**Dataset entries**
··········

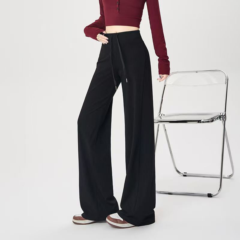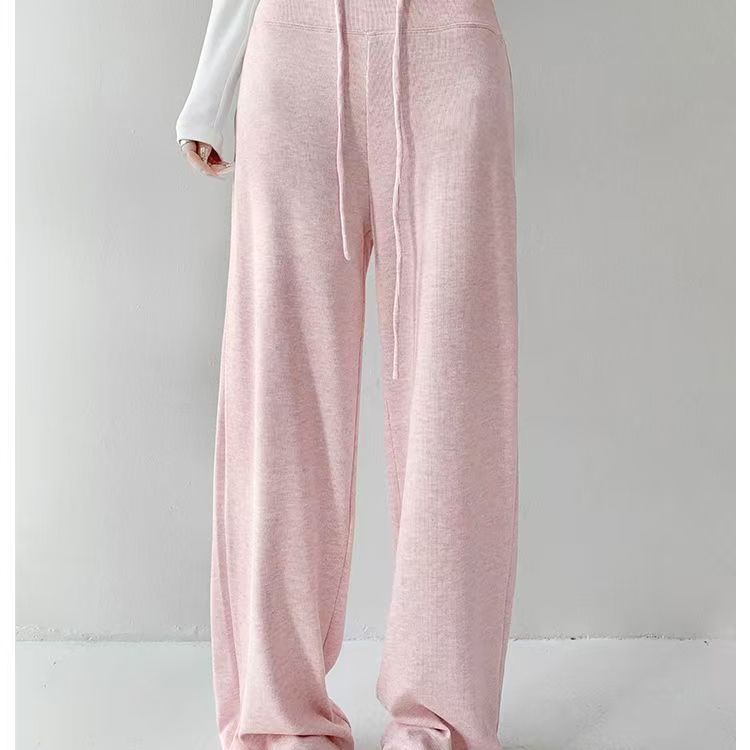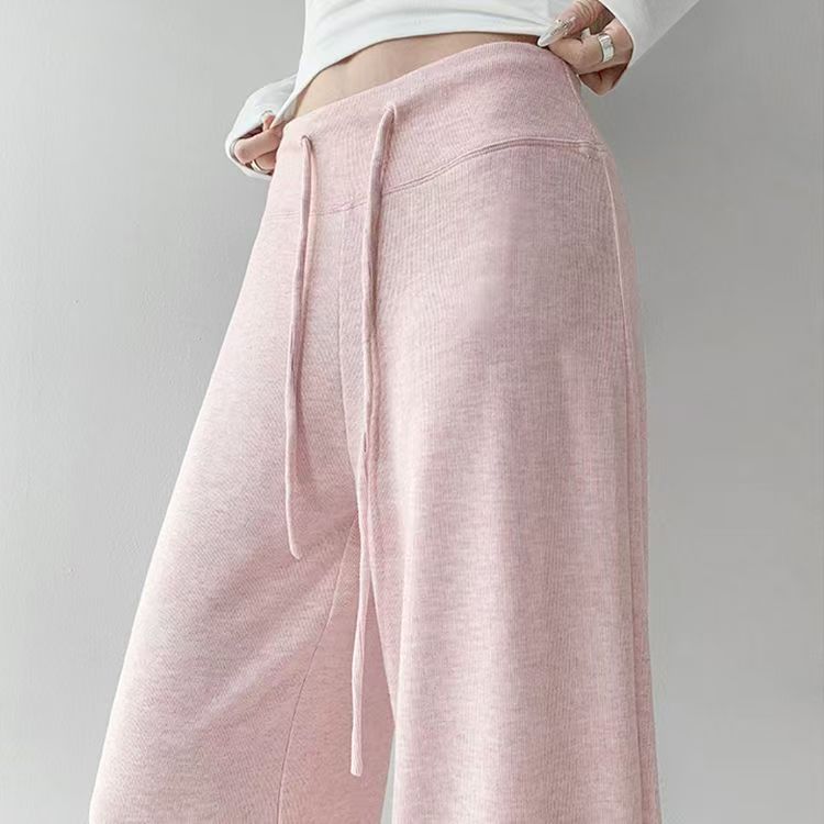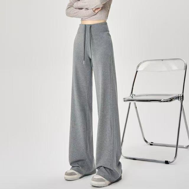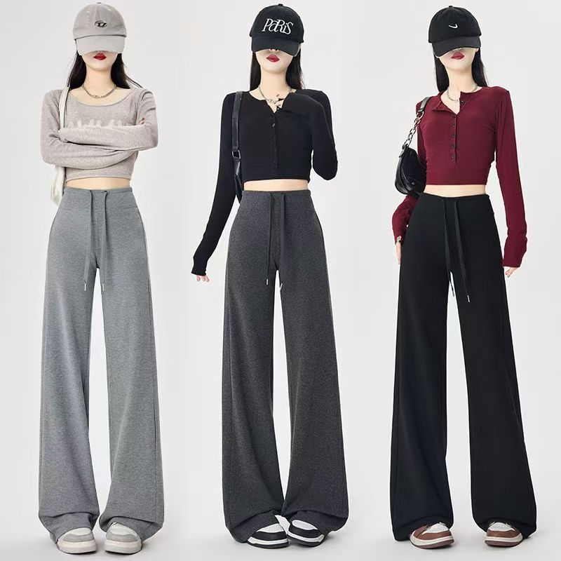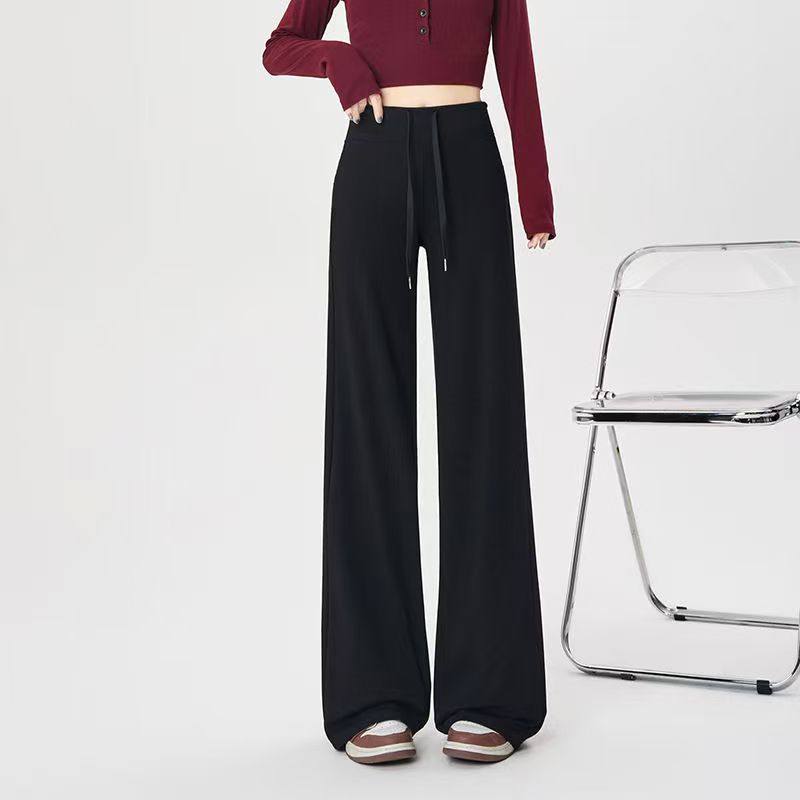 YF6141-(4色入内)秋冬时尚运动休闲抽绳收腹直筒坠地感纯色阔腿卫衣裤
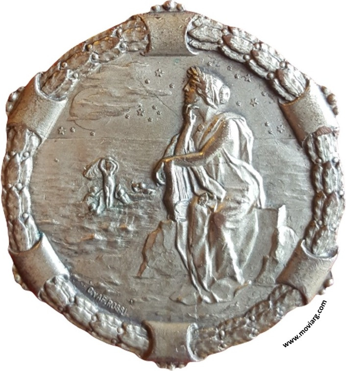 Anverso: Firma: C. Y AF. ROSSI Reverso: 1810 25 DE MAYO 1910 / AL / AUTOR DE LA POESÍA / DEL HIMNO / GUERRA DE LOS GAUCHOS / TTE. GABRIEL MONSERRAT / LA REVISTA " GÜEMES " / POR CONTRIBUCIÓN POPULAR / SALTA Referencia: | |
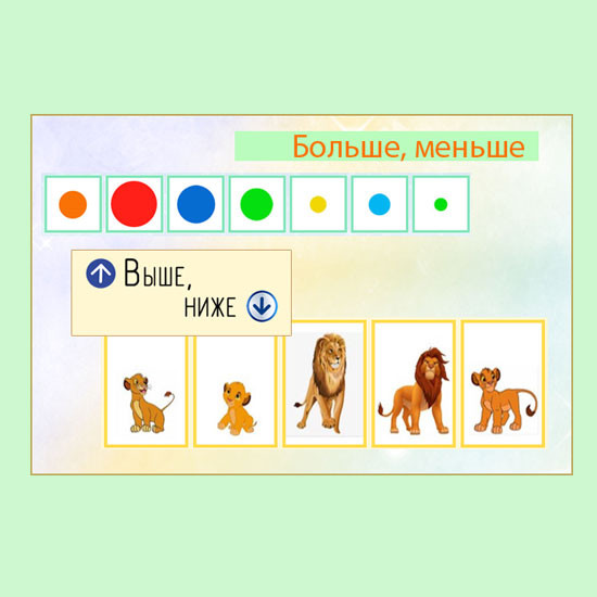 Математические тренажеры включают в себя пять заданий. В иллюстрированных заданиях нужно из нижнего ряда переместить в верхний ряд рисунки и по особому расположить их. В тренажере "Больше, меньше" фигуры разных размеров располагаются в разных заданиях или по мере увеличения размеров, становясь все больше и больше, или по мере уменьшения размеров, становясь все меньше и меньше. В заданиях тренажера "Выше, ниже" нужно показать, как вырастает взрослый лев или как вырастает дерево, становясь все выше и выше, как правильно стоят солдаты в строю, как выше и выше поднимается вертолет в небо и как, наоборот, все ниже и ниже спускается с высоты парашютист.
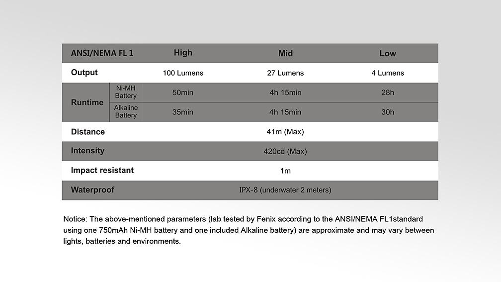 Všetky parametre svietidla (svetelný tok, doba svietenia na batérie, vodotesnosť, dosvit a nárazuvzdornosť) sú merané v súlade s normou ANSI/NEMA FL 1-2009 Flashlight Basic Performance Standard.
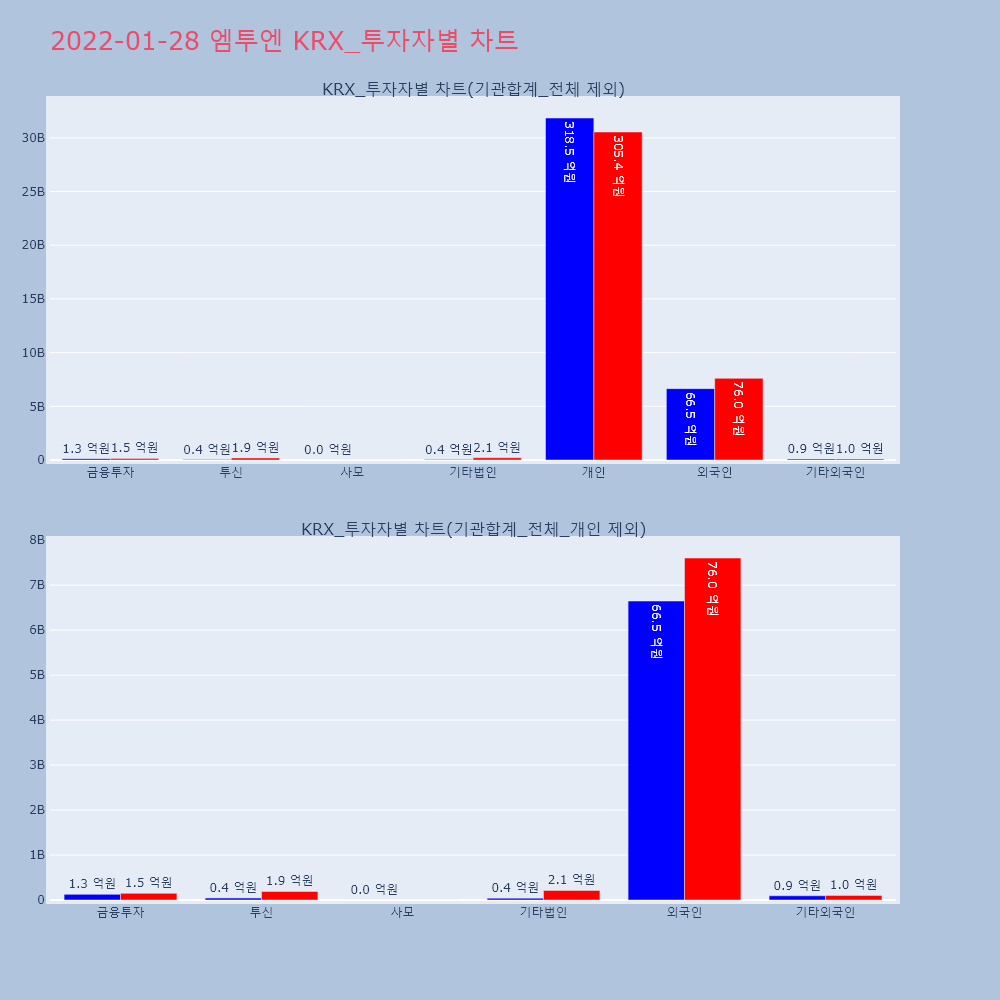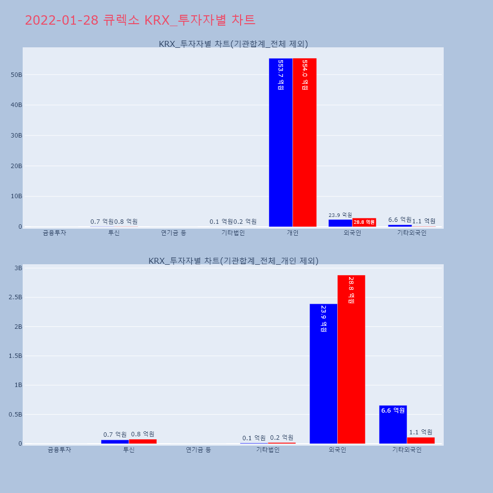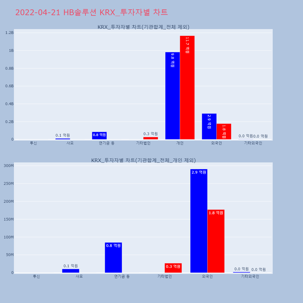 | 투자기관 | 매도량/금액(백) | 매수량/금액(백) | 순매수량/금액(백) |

··········

**BRIEF**
Copy each entry exactly as written, and drop the pictures from the copy.

**YOUR RESPONSE**
 YF6141-(4色入内)秋冬时尚运动休闲抽绳收腹直筒坠地感纯色阔腿卫衣裤
 Anverso: Firma: C. Y AF. ROSSI Reverso: 1810 25 DE MAYO 1910 / AL / AUTOR DE LA POESÍA / DEL HIMNO / GUERRA DE LOS GAUCHOS / TTE. GABRIEL MONSERRAT / LA REVISTA " GÜEMES " / POR CONTRIBUCIÓN POPULAR / SALTA Referencia: | |
 Математические тренажеры включают в себя пять заданий. В иллюстрированных заданиях нужно из нижнего ряда переместить в верхний ряд рисунки и по особому расположить их. В тренажере "Больше, меньше" фигуры разных размеров располагаются в разных заданиях или по мере увеличения размеров, становясь все больше и больше, или по мере уменьшения размеров, становясь все меньше и меньше. В заданиях тренажера "Выше, ниже" нужно показать, как вырастает взрослый лев или как вырастает дерево, становясь все выше и выше, как правильно стоят солдаты в строю, как выше и выше поднимается вертолет в небо и как, наоборот, все ниже и ниже спускается с высоты парашютист.
 Všetky parametre svietidla (svetelný tok, doba svietenia na batérie, vodotesnosť, dosvit a nárazuvzdornosť) sú merané v súlade s normou ANSI/NEMA FL 1-2009 Flashlight Basic Performance Standard.
 | 투자기관 | 매도량/금액(백) | 매수량/금액(백) | 순매수량/금액(백) |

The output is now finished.